# Bigfoot 9.5!!!



## smokinj (Jan 16, 2008)

A HUGE Heavy package with CAO on it arrived today as I was heading out to the VA. I was already running behind so it sat in the house til my return. The Foot dropped an Atomic Bomb on my A$$ that I will never forget! Just Incredible. This humidor is beautiful. The humi is filled with 105 original Gold Maduros tht came from 
CAO's Escaperate. Can't wait to try one cause the look and smell outstanding. Love all the other smokes,hats and the sweet looking ashtray too Your generosity is amazing Brian.
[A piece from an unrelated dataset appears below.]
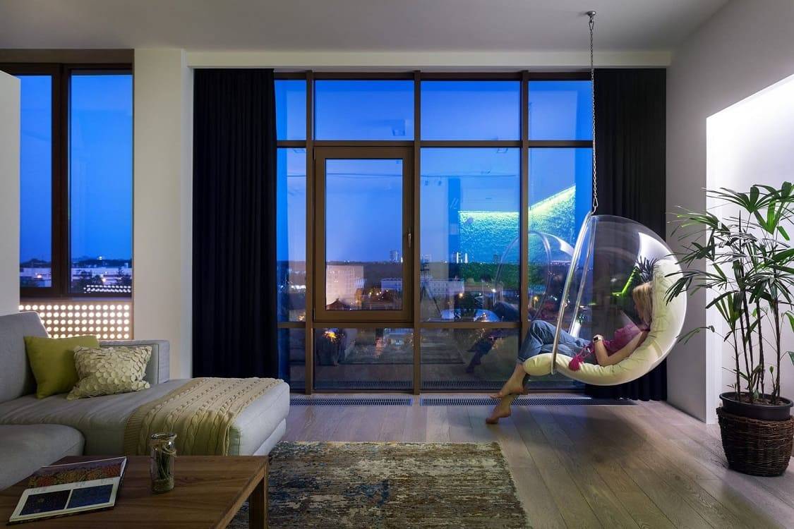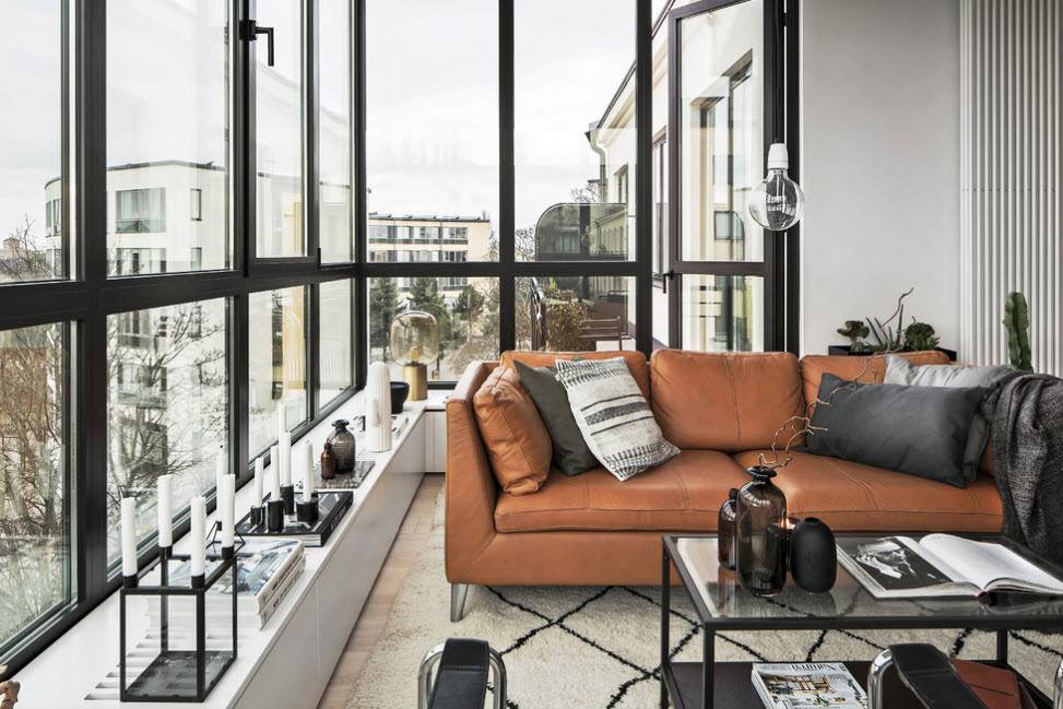 Главная особенность — единение домашней атмосферы с природой или улицей. Такое решение будет выигрышно смотреться в частном доме или в квартире небоскреба.

The funny thing is when Brian posted he was going to Bomb someone I was laughing thinking that poor SOB is really going to get their A$$ handed to 'em and come find out its me:brick::lol: I am truely humbled and feel honored to be blown to pieces by The Bigfoot 9.5. Thank you Brian. You are an awesome BOTL:biggrin:


----------



## ER Doc (Feb 8, 2007)

Absolutely amazing.

Only Brian can make David bow down like that...


----------



## flathead59 (Feb 1, 2008)

What the Hell can you say about a bomb like that, besides WOW?!


----------



## Bigfoot (Jun 25, 2007)

Hey, I'm just trying to pay back David for all of the stuff he does for everyone on this board...it is a small dent compared to what he sends out on a weekly basis.

all of the cigars except the sampler packs) are from my stash. the oddesseys are from 2001, the CAO millienum coffin is from 2000, both no longer being made. The cigars in the humidor are from 2004 and the box of Americas, MX2's, and anacondas are from their original release years...the america was month one of its release as were the Sopranos.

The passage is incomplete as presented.